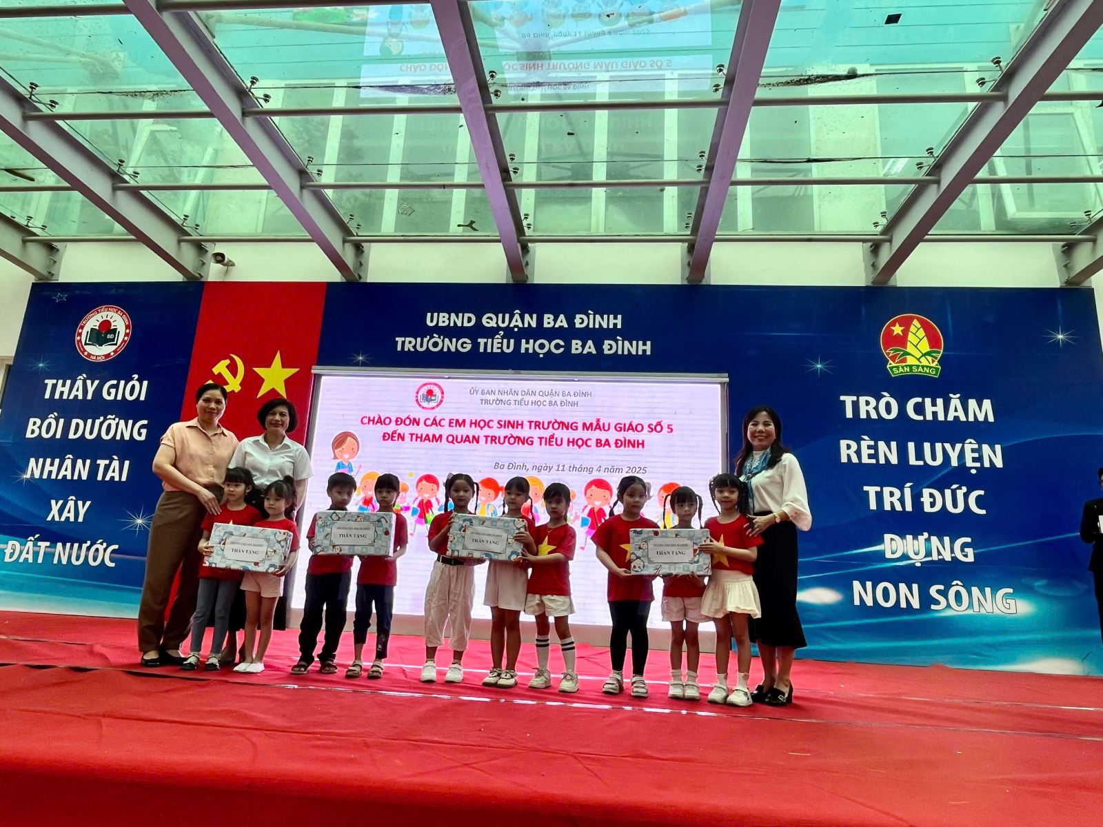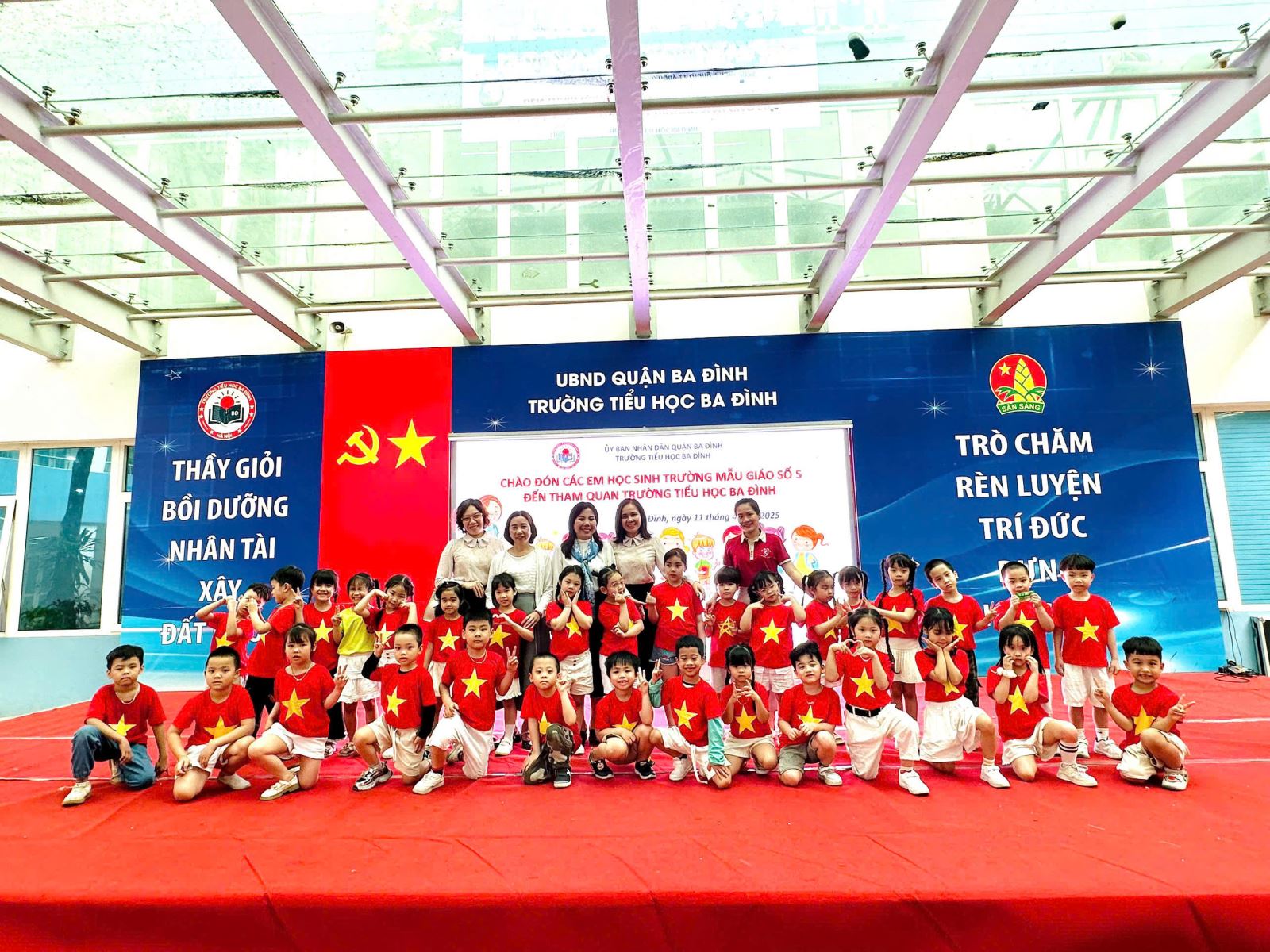 Đón tiếp đoàn tại cổng trường là sự chào đón nồng nhiệt của Ban Giám hiệu Trường Tiểu học Ba Đình, gồm cô Nguyễn Thị Thu Hà – Hiệu trưởng, cô Phạm Minh Thúy và cô Bùi Thị Lan Hương – Phó Hiệu trưởng. Về phía Trường Mẫu giáo Số 5, có sự hiện diện của cô Nguyễn Thanh Hằng – Hiệu trưởng, cô Nguyễn Thị Thu Trang và cô Hoàng Thị Tuyết – Phó Hiệu trưởng, cùng các cô giáo 4 lớp Mẫu giáo lớn.
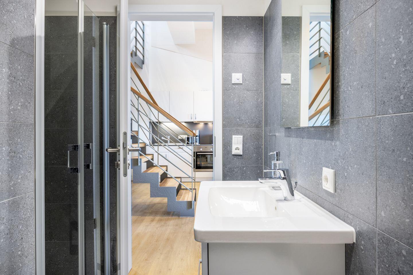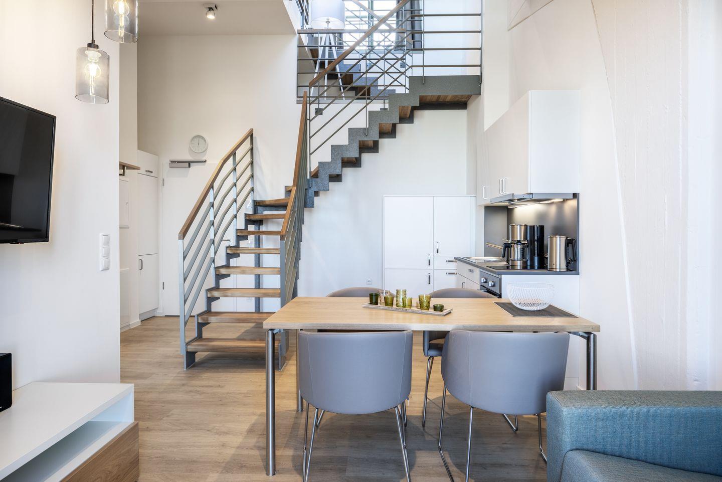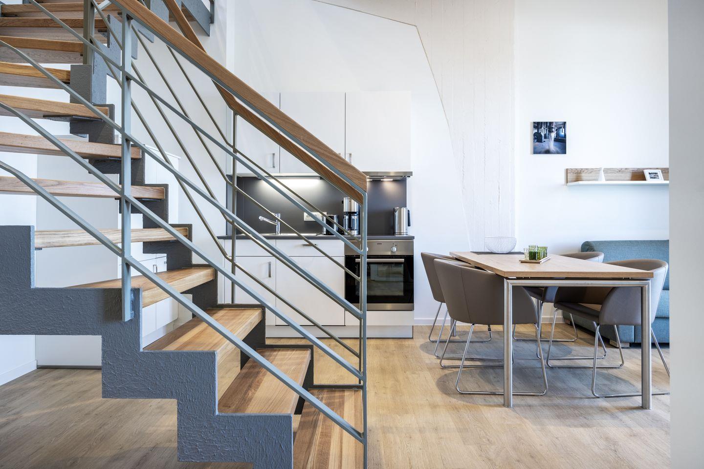 Auf der ersten Wohnebene befindet sich die voll ausgestattete offene Küche mit Geschirrspüler, Kühlschrank mit Tiefkühlfach, Herd mit 2 Glaskeramikkochfeldern und Backofen, Kaffeemaschine, Toaster, Wasserkocher und Mixstab sowie der kombinierte Wohn-Essbereich mit Flatscreen-TV (42 Zoll), HiFi-Anlage und Gesellschaftsspielen. Hier befindet sich auch ein geschmackvolles Badezimmer mit ebenerdiger Regendusche, Waschtisch, WC, Handtuchwärmer und Föhn. Das Schlafzimmer auf dieser Ebene verfügt über ein komfortables Boxspring-Doppelbett (1,80 x 2,00 m) und einen Flatscreen-TV (42 Zoll). Sowohl vom Schlafzimmer als auch vom Wohnbereich aus habt ihr Zugang zum sonnigen Balkon in West-Lage. Hier genießt ihr einen wundervollen Ausblick auf die maritime Hafenkulisse.
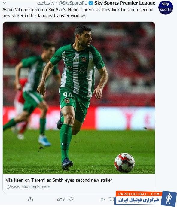 به نقل از اسکای اسپورتس، باشگاه استون ویلا در لیگ برتر انگلیس قصد دارد مهدی طارمی ، بازیکن ایرانی ریو آوه را در نقل و انتقالات ژانویه (نیم فصل) به عنوان دومین مهاجم جدید به خدمت بگیرد.
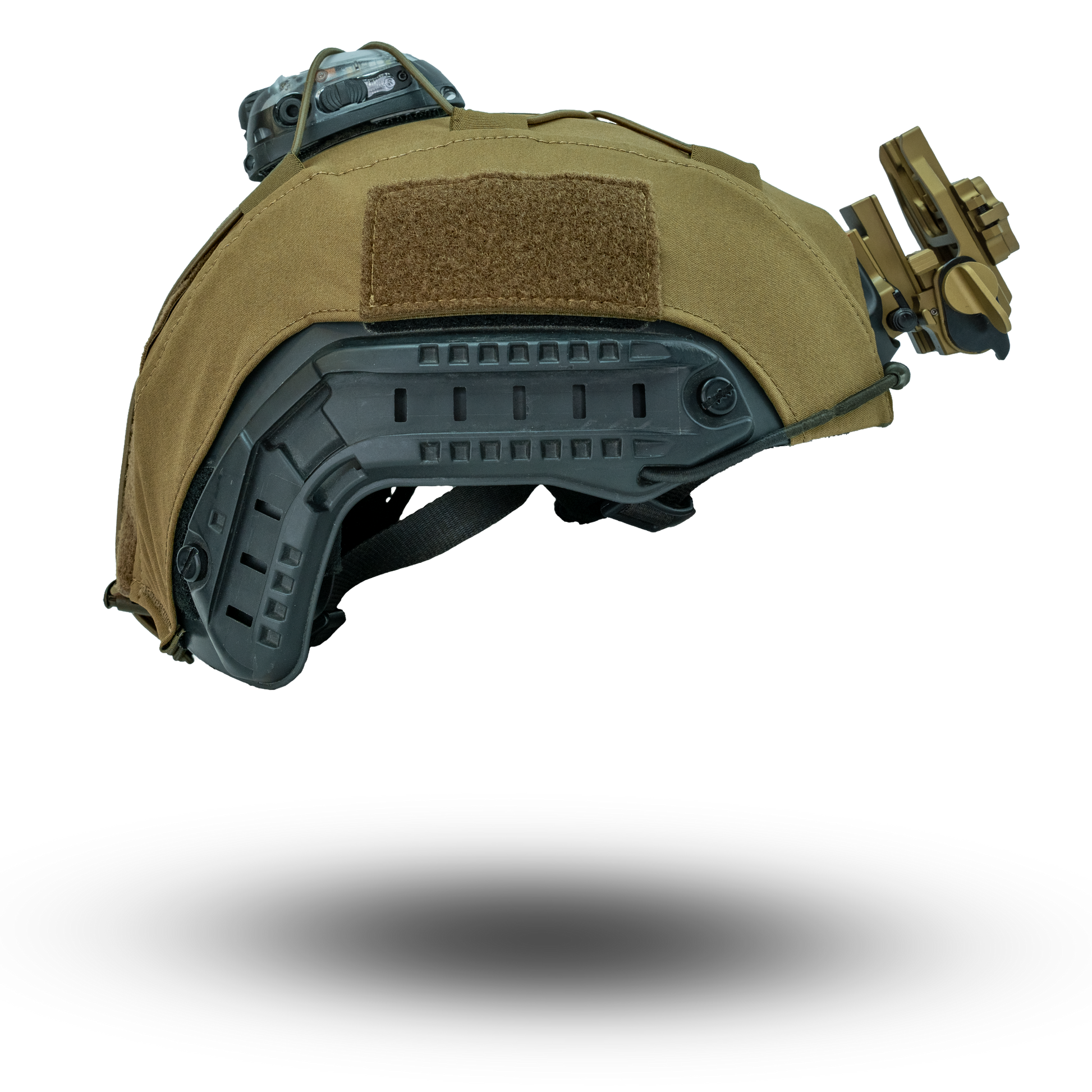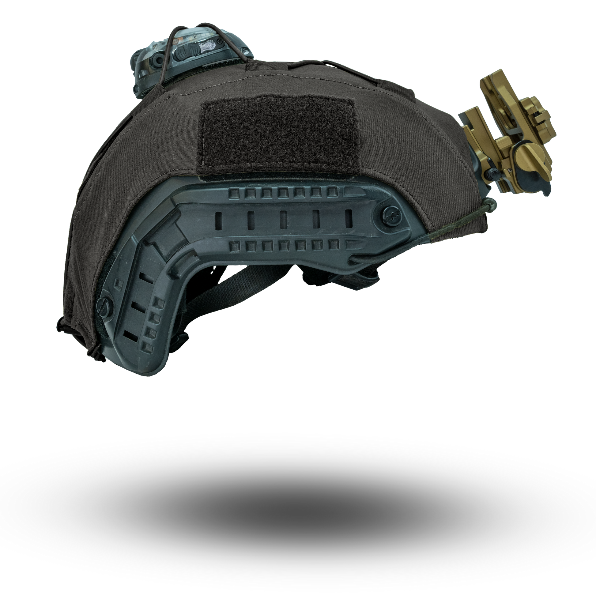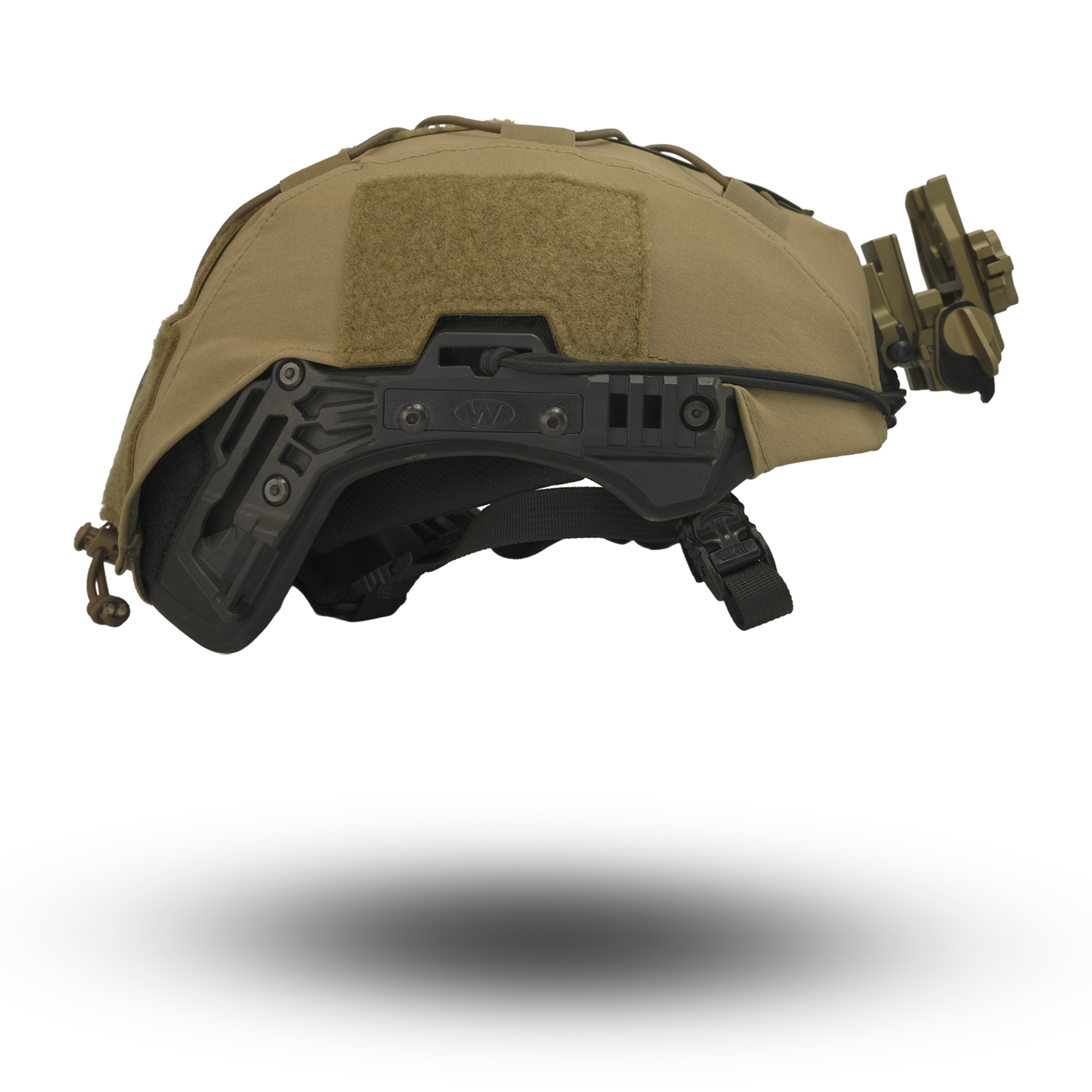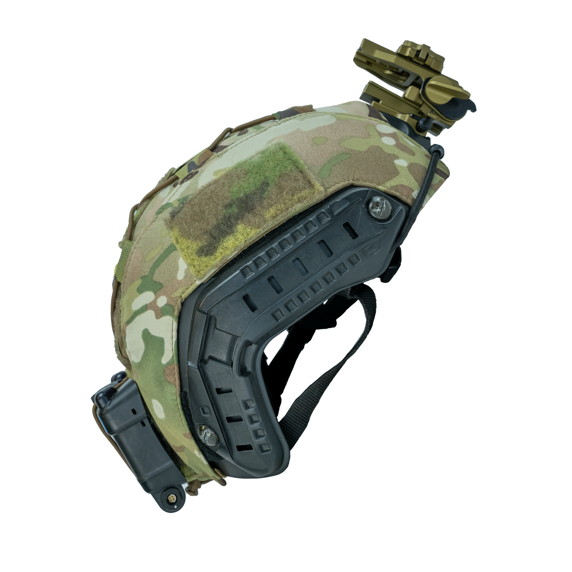 A utilitarian design that features provisions for cables, marking devices, and personal lighting systems. 4-way stretch fabric forms the side walls to provide a tight fit with all accessory configurations. A mesh channel bridges both sides, allowing airflow through the helmet’s molded vent holes.
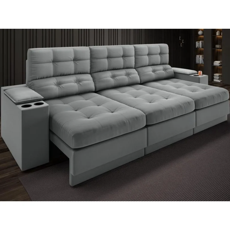 Sofá com Porta Copos Retrátil e Reclinável Pop 2,05m Velosuede Grafite – netsofas
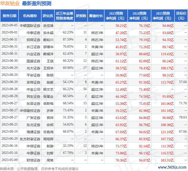 最新盈利預(yù)測(cè)明細(xì)如下:
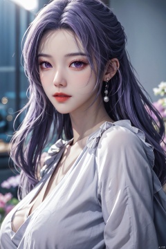 best quality,masterpiece,Yunxiao_Fairy,1girl,solo,long hair,looking at viewer,jewelry,closed mouth,purple eyes,upper body,purple hair,earrings,blurry,blurry background,sunlight,red lips,(big breasts:1.39)
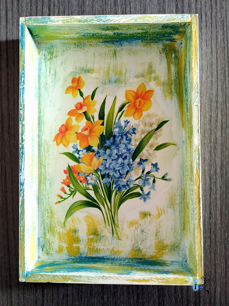 Hoy os muestro cómo usar una caja de dulces navideños para hacer una bandeja decorada con decoupage y con un decapado tricolor muy especial. Tenía un papel de arroz con narcisos y lilas que tenía muchas ganas de utilizar y creo que en esta bandeja ha quedado ideal, qué os parece?
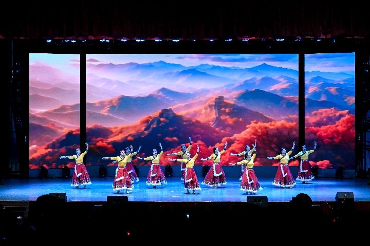 晚会上,乐器演奏、武术表演、川剧变脸、模特走秀、国风展示等节目轮番登场,传统韵味与青春风采交相辉映。老教师们表演舞蹈《再唱山歌给党听》,以优美的舞姿和饱满的精神,抒发爱党、爱国情怀,讴歌新时代新生活。
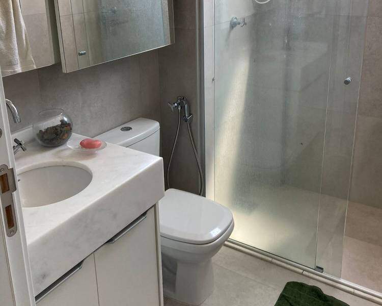 Banheiro social com bancada em granito, espelho, armários planejados e box em blindex
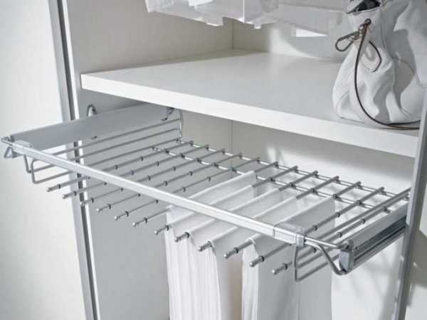 Один из дешевых вариантов хранения юбок и брюк.Для хранения галстуков так же предусмотрена особая конструкция, которая выдвигается в длину. Хотя, существует и другая система, которая ориентирована на хранение в ячейках ящика.
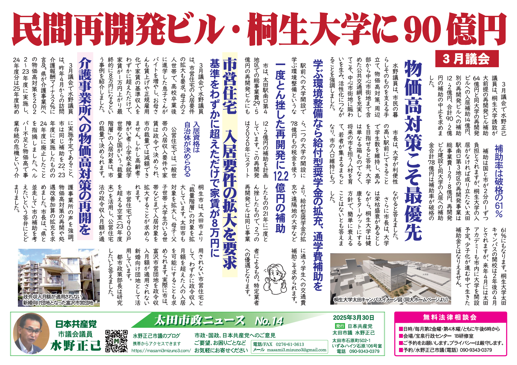 民間再開発ビル・桐生大学に90億円 求められるのは給付型奨学金の拡充、通学補助 桐生大学太田キャンパスイメージ図(同大ホームページより) 3月議会の予算に対する総括質疑では、桐生大学誘致が大前提の再開発ビル補助64億円と同大学の再開発ビルへ...
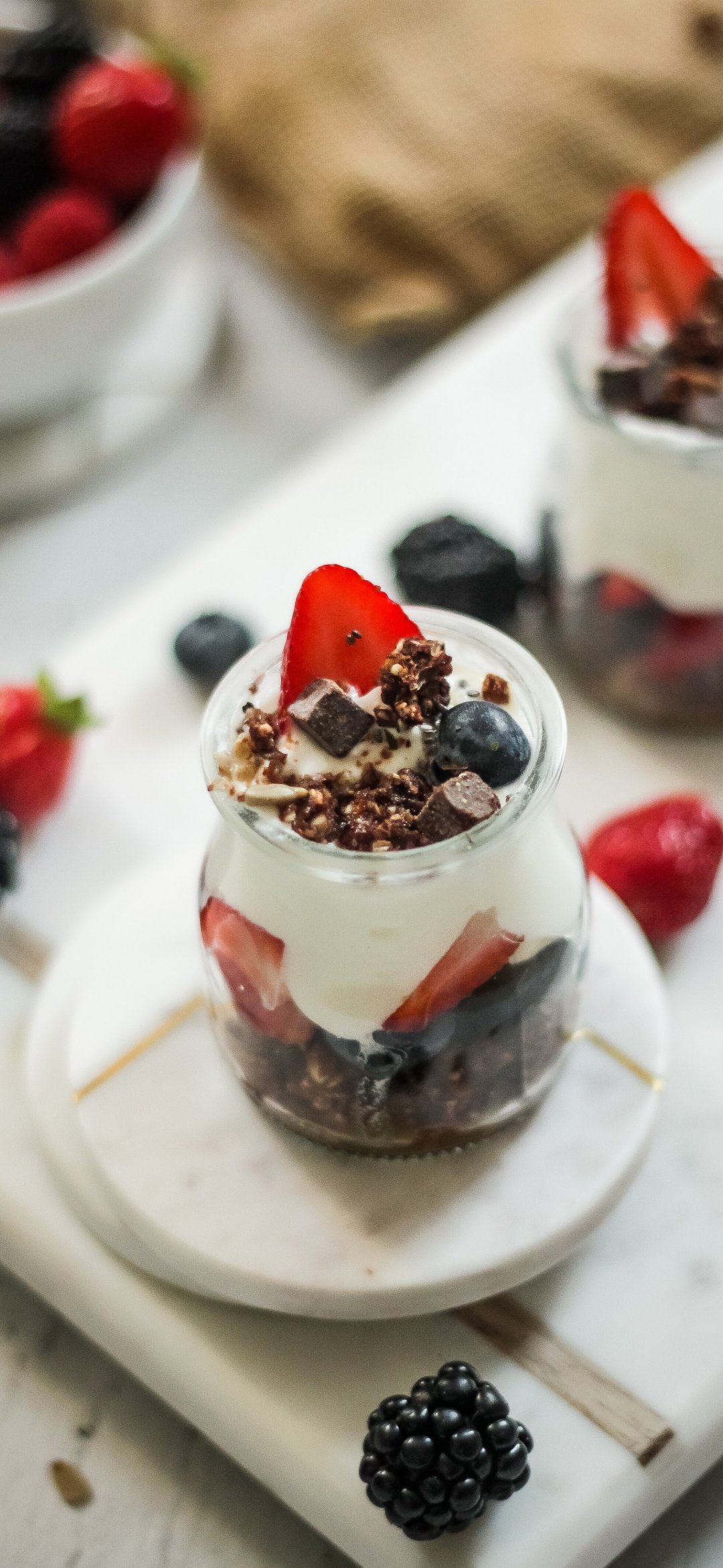 Обои: десерт, клубника, панакотта - 1080x2340
· · · · ·
● **What is expected**
Starting at the line containing "Auf der ersten" and finishing at the line containing "Один из дешевых", return those lines exactly as they appear above, without the pictures.

● **Expected answer**
 Auf der ersten Wohnebene befindet sich die voll ausgestattete offene Küche mit Geschirrspüler, Kühlschrank mit Tiefkühlfach, Herd mit 2 Glaskeramikkochfeldern und Backofen, Kaffeemaschine, Toaster, Wasserkocher und Mixstab sowie der kombinierte Wohn-Essbereich mit Flatscreen-TV (42 Zoll), HiFi-Anlage und Gesellschaftsspielen. Hier befindet sich auch ein geschmackvolles Badezimmer mit ebenerdiger Regendusche, Waschtisch, WC, Handtuchwärmer und Föhn. Das Schlafzimmer auf dieser Ebene verfügt über ein komfortables Boxspring-Doppelbett (1,80 x 2,00 m) und einen Flatscreen-TV (42 Zoll). Sowohl vom Schlafzimmer als auch vom Wohnbereich aus habt ihr Zugang zum sonnigen Balkon in West-Lage. Hier genießt ihr einen wundervollen Ausblick auf die maritime Hafenkulisse.
 به نقل از اسکای اسپورتس، باشگاه استون ویلا در لیگ برتر انگلیس قصد دارد مهدی طارمی ، بازیکن ایرانی ریو آوه را در نقل و انتقالات ژانویه (نیم فصل) به عنوان دومین مهاجم جدید به خدمت بگیرد.
 A utilitarian design that features provisions for cables, marking devices, and personal lighting systems. 4-way stretch fabric forms the side walls to provide a tight fit with all accessory configurations. A mesh channel bridges both sides, allowing airflow through the helmet’s molded vent holes.
 Sofá com Porta Copos Retrátil e Reclinável Pop 2,05m Velosuede Grafite – netsofas
 最新盈利預(yù)測(cè)明細(xì)如下:
 best quality,masterpiece,Yunxiao_Fairy,1girl,solo,long hair,looking at viewer,jewelry,closed mouth,purple eyes,upper body,purple hair,earrings,blurry,blurry background,sunlight,red lips,(big breasts:1.39)
 Hoy os muestro cómo usar una caja de dulces navideños para hacer una bandeja decorada con decoupage y con un decapado tricolor muy especial. Tenía un papel de arroz con narcisos y lilas que tenía muchas ganas de utilizar y creo que en esta bandeja ha quedado ideal, qué os parece?
 晚会上,乐器演奏、武术表演、川剧变脸、模特走秀、国风展示等节目轮番登场,传统韵味与青春风采交相辉映。老教师们表演舞蹈《再唱山歌给党听》,以优美的舞姿和饱满的精神,抒发爱党、爱国情怀,讴歌新时代新生活。
 Banheiro social com bancada em granito, espelho, armários planejados e box em blindex
 Один из дешевых вариантов хранения юбок и брюк.Для хранения галстуков так же предусмотрена особая конструкция, которая выдвигается в длину. Хотя, существует и другая система, которая ориентирована на хранение в ячейках ящика.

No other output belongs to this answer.